In more abstract terms, you yourself are answering the question:
So it’s an extra layer of indirection that slows down the diagnostic process
… since there is this famous aphorism that states: “All problems in computer science can be solved by another level of indirection”. 🙂
Just because you’re inside the same company doesn’t mean you should expose everything to everyone. REST APIs are a way to define a limited consumer/provider relationship between teams in a company, with a clear contract. Amazon has been a pioneer in this form of organization.
APIs also provide a layer of abstraction, allowing you to use a specific set of idioms — you don’t necessarily want to talk to your consumers in the same terms that are used in your database. You also don’t necessarily want to talk to each consumer the same way.
You are thinking that REST is for database queries and it is not. REST represents the state of something at the moment. Using REST changes or retrieves a representation but that is all. If that state becomes available by database, it doesn’t matter and no one cares because HOW that representation comes to be is not part of REST and neither are database queries.
6
DBAL is concerned only about accessing data, but in most applications, you aren’t only concerned about accessing data, but also performing all the side effects of an operation.
For example, an ecommerce system.
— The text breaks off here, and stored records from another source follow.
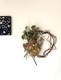 ベニツルでリースをつくり、ユーカリやミナヅキアジサイなどを組み合わせました
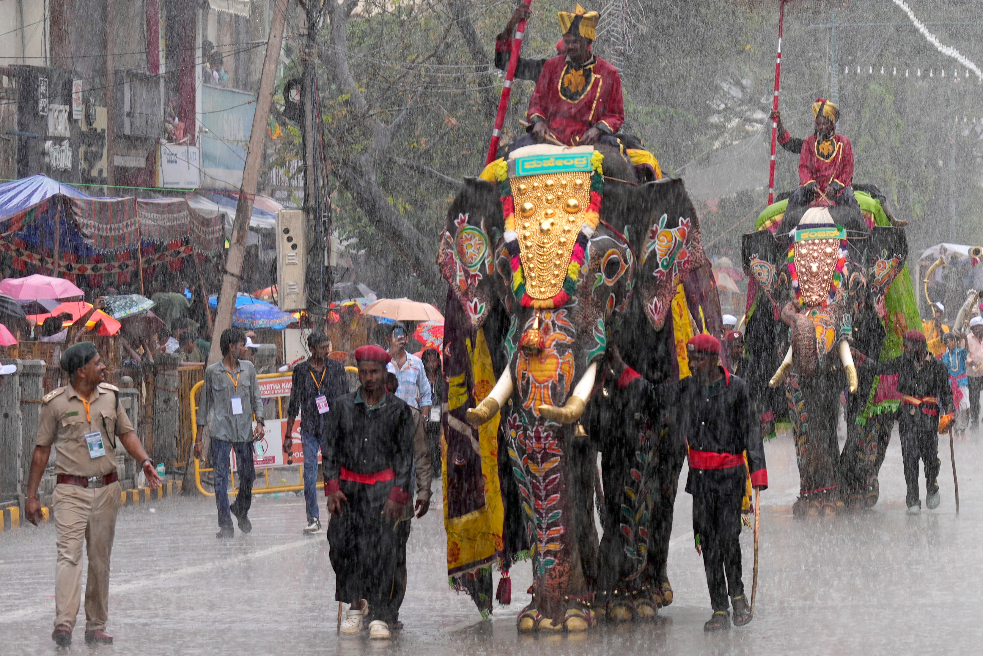 Mahouts ride decorated elephants as it rains during a procession on the last day of the Dussehra festivities, in Mysuru, India, Saturday, October 12, 2024. (Photo by Aijaz Rahi/AP Photo)
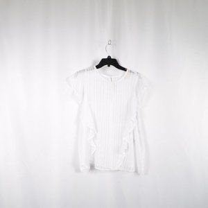 Rachel Roy Gemma Cotton Ruffled Top, White
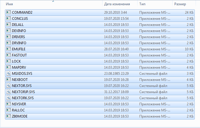 Копируем системные файлы Nextor из этого архива https://github.com/Konamiman/Nextor/....1.0/tools.zip в корень CF-карты:
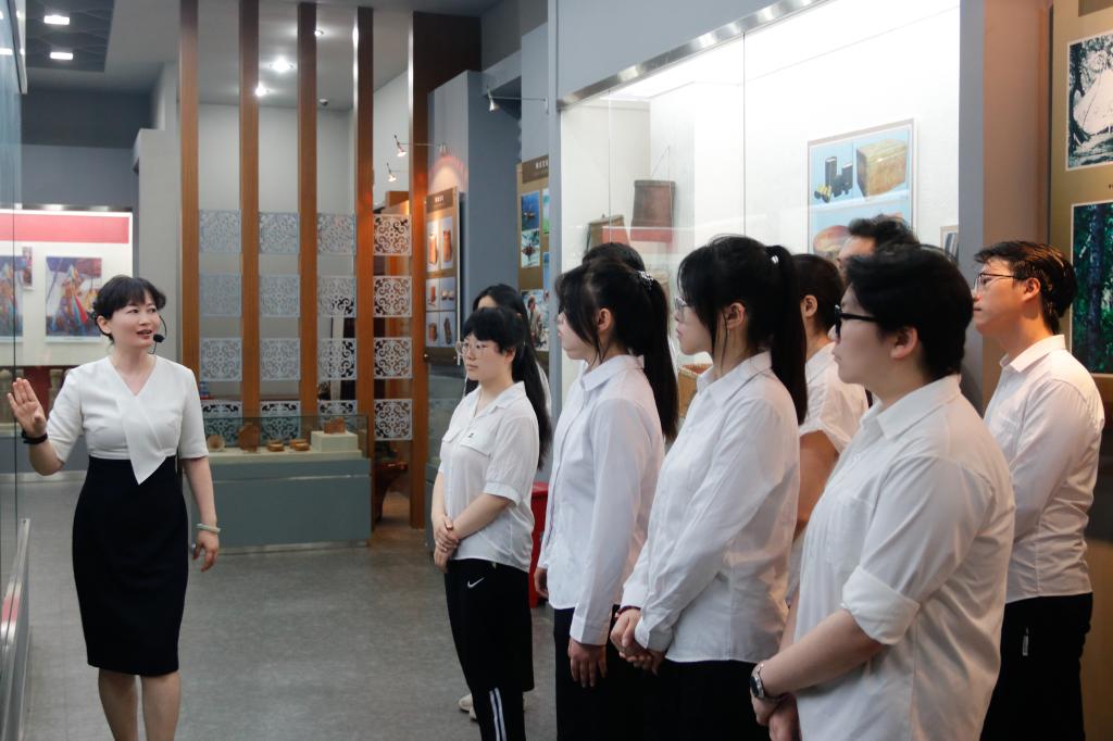 6月30日下午,袁立莉在学校“铸牢中华民族共同体意识专题实践教学基地”为2023级和2024级本科生代表讲授情景思政课。展厅集合了黑水先民、金源文化、河湖捕捞、林海狩猎、兽皮文化、鱼皮文化、桦树皮文化,展现了各民族先民在黑龙江流域的生存智慧和民族性格。袁立莉结合馆藏展品,全面阐释了“中华民族共同体”的深刻内涵,引导青年员工增强“五个认同”,牢固树立共同体理念,践行民族团结。
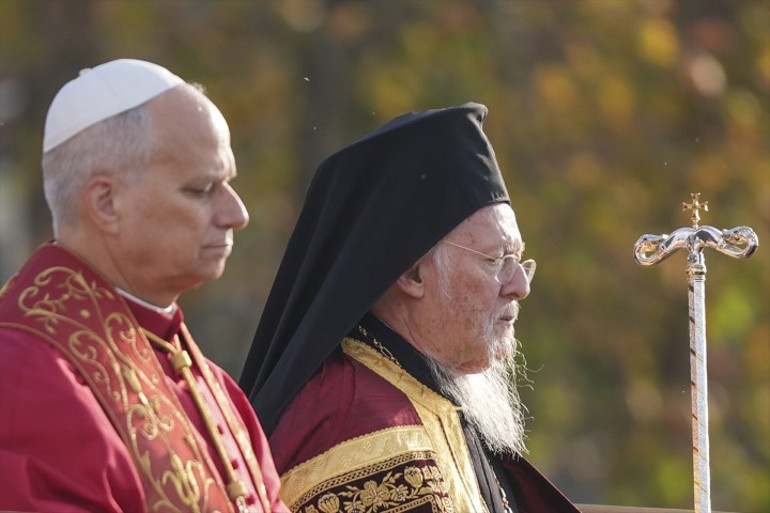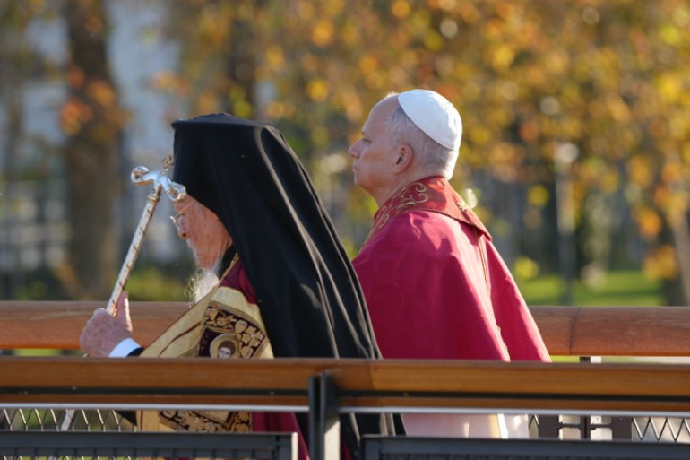 Papa 14. Leo'ya bu ayinde Fener Rum Patriği I. Bartholomeos yanında yer aldı.
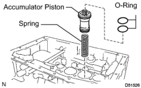 (a) Coat 2 new O-rings with ATF, and install them to the C-2 accumulator piston.
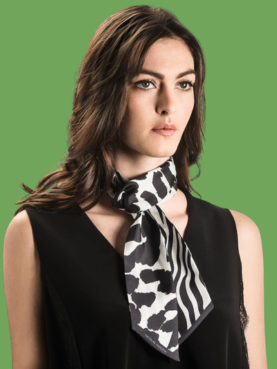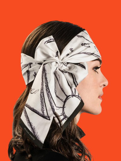 À nouer de multiples façons, au gré de vos envies : autour du cou, en cravate, en lavallière ou en écharpe, à la taille pour cintrer une robe ou une combi, dans les cheveux façon bohème ou dolce vita … A vous de jouer avec ce format qui n’a pas fini de vous inspirer.
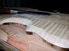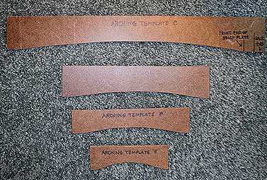 The first thing I did today was to make the four basic arching templates. The top one is for the longitudinal arch; the lower three are for the arches across the lower bout, the upper bout, and the waist. Next I used my marking gauge to scribe the 6mm starting depth of the plate's edge (it will become thinner later). I then marked a line about 10mm in from the edge; this will be the shoulder area of the plate. ![]() |
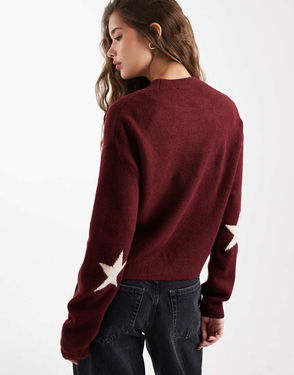Teen Knitted Jumper With Star Detail In Burgundy
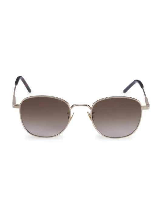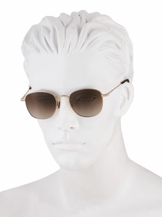 Minimalist sunglasses with round goldtone frames make a sleek and versatile accessory.
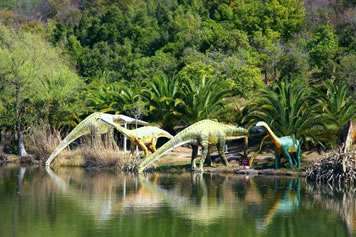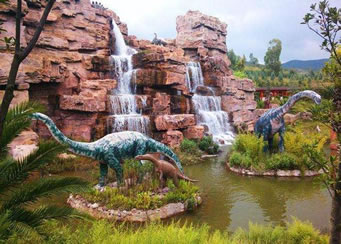 由“侏羅紀大瀑布”、“群龍對峙”、“腕龍相親”、“氣龍追逐”、“雙龍飲瀑”、“霸王龍窺獵”、“侏羅紀叢林”、“海棗之王”、“沙漠之林”等九大景觀真實再現(xiàn)了侏羅紀時代恐龍王國的生活場景,構造出一個1億年前生氣勃勃、繁榮昌盛的侏羅紀世界,讓游客飽享一頓視覺大餐。
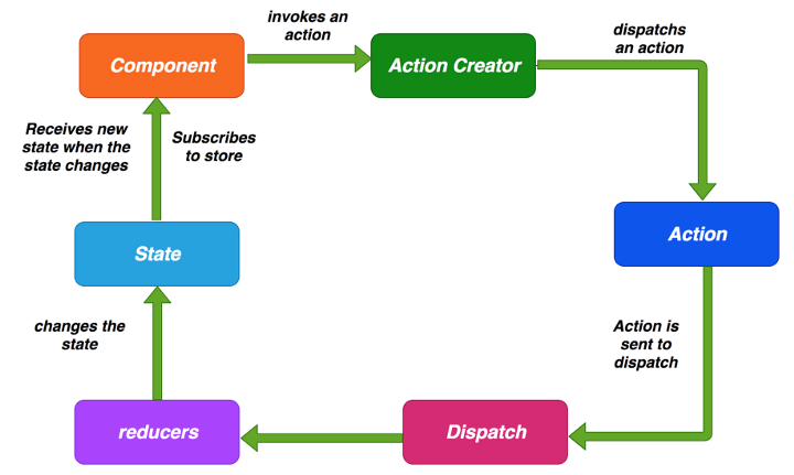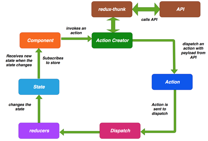 因此,我们必须使用redux-thunk从 action creators 那里进行 API 调用。Action creator 派发一个action,将来自API的数据放入action 的 payload 中。Reducers 接收我们在上面的redux循环中讨论的数据,其余的过程也是相同的。
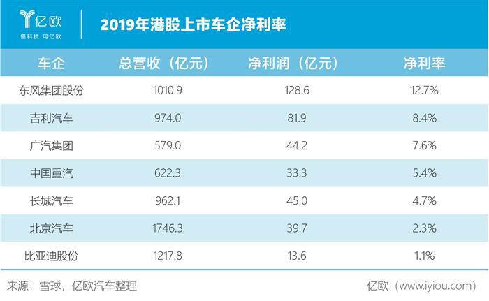 2005年,吉利在香港上市,长期股价在0.5港元左右徘徊,15年之后,截至8月14日收盘,吉利汽车股价为16.7港元,总市值为1558亿港元。2019年,吉利汽车营收974亿元,净利81.9亿,净利率8.4%,在港股上市的车企中仅次于东风集团(净利率12.7%)。
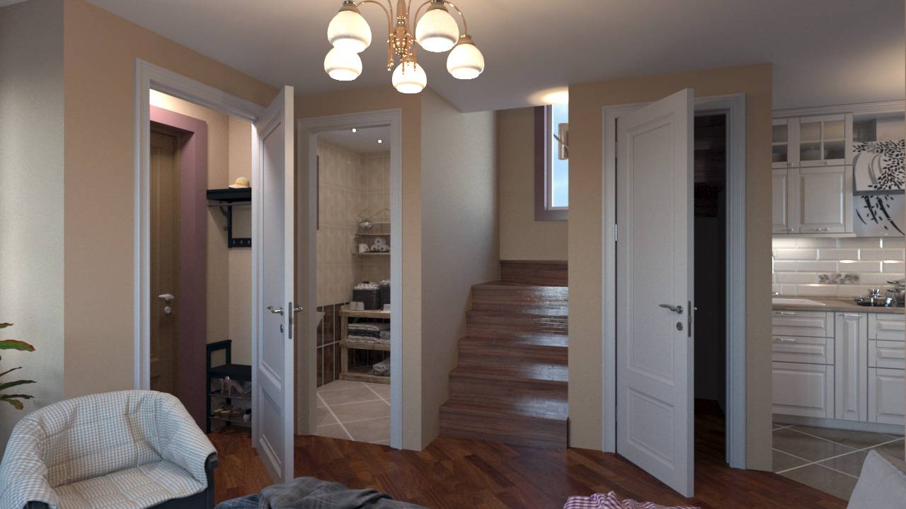 Вид со стороны окна. Этот ракурс прекрасно демонстрирует возможности первого этажа. В тамбуре можно раздеться и разуться. Сразу у входа доступен туалет, лестница на второй этаж, кладовка и кухня, откуда доносятся вкусные запахи.
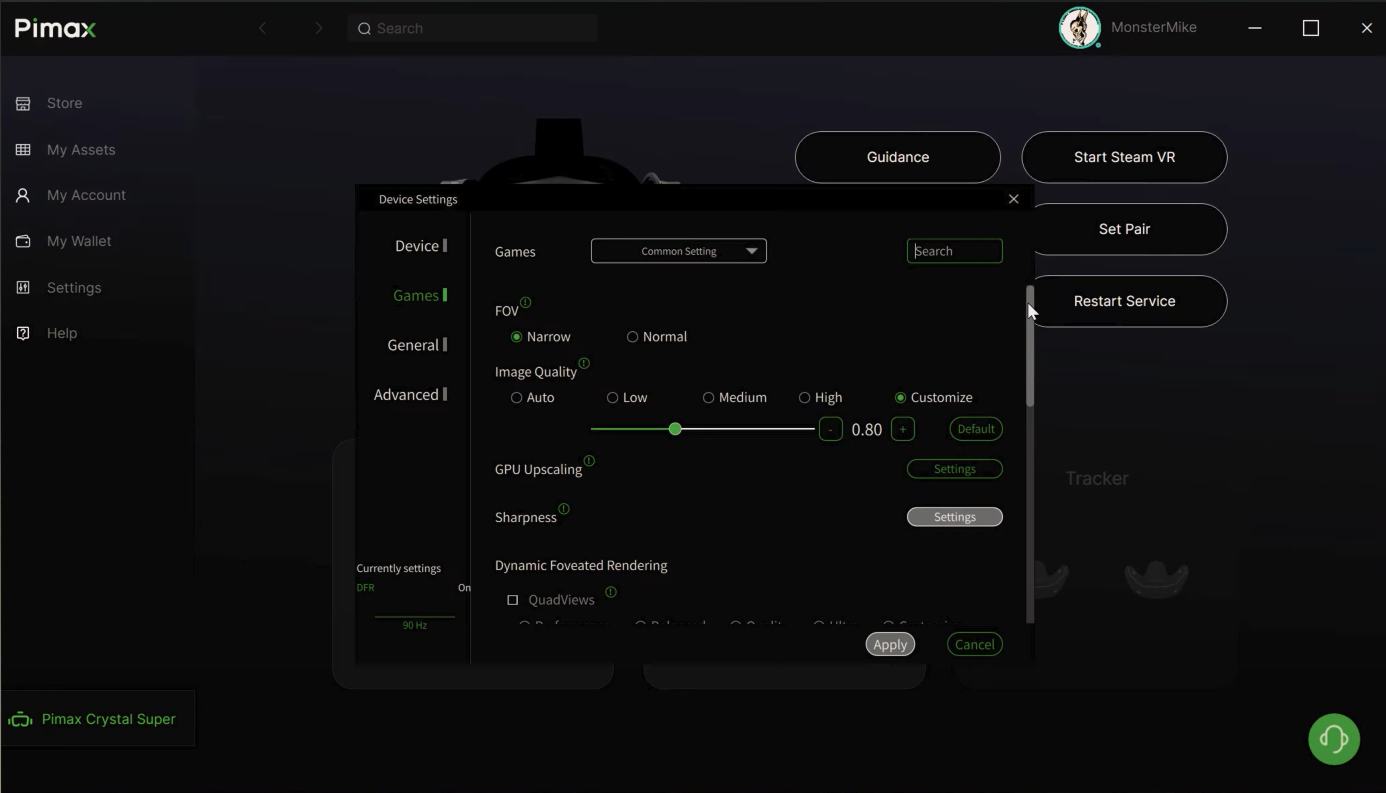 - das Headset in Pimax Play auf 90 Hz zu betreiben (alternativ 72 Hz),
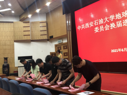 換屆大會在莊嚴的國歌聲中拉開帷幕。首先,馬行天同志代表學院黨委作了題為《凝心聚力 開拓進取 為開創(chuàng)學院發(fā)展的新局面而奮斗》的工作報告。報告回顧了學院黨委五年來開展的工作、取得的成績及存在的不足,并提出了今后的工作重點和努力方向。接下來,學院黨委專職組織員張陽作《關于黨費收繳、使用和管理情況的報告》。學院黨委副書記王瑩宣讀了《關于中共西安石油大學地球科學與工程學院新一屆委員會候選人的批復》。馬行天書記介紹了候選人情況。選舉工作嚴格按照選舉程序,舉手表決通過了《地球科學與工程學院委員會黨員大會選舉辦法舉辦法》、新一屆學院黨委委員候選人名單及監(jiān)票人、計票人名單。學院全體正式黨員采用差額選舉辦法無記名投票選舉產(chǎn)生了新一屆地球科學與工程學院黨委委員。
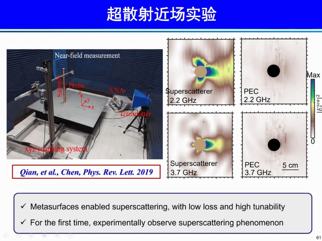 接下来,陈红胜教授为我们介绍了超散射现象的实验实现。通过增强物体散射,使其显著大于同等尺寸的其他物体,可以实现超散射。实现超散射的方法主要有:补偿介质超散射和等离激元超散射方法。补偿介质法超散射材料往往电磁参数非均匀且各向异性,实验难度大;等离激元超散射材料工作频率单一、结构复杂、损耗大。面临以上挑战,陈教授团队设计了一种基于超表面的多频超散射方法,并在近场和远场实验进行验证。
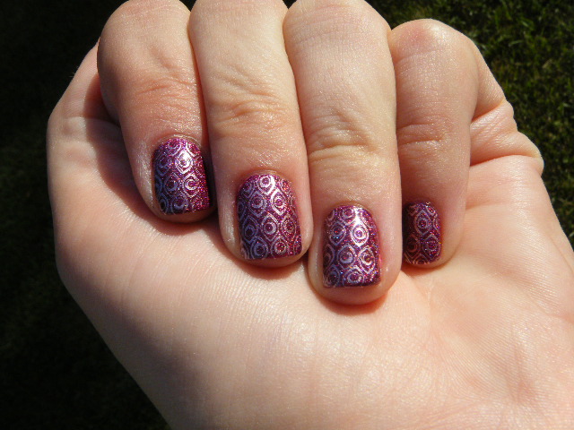 I started with OPI DS Extravagance and then stamped with my Bundle Monster plate #212 using Sally Hansen Pink Satin.

When an order comes into the system, you’d want to deliver an email to the customer for their receipt, you’d want to connect to your accounting system to update the balance sheet, you’d want to connect to the payment processor to process credit card, you’d want to submit the order details to fraud detection service to verify if a card payment is likely to become a chargeback (common in fraudulent orders), you’d want to connect to the warehouse system to dispatch the order, you’d want to connect to your own suppliers to order more inventories when your supplies are running low, you’d want to run a machine learning algorithms to provide a cross selling product recommendations, you’d want to connect to your CRM to raise a flag about orders that failed, you’d want to log the order to your analytic service for reporting and alerting, etc, etc, etc.
Most of these operations need to be done on a trusted system, i.e. on the server, and these side operations are not database related and are often too complex to develop on the DBAL layer.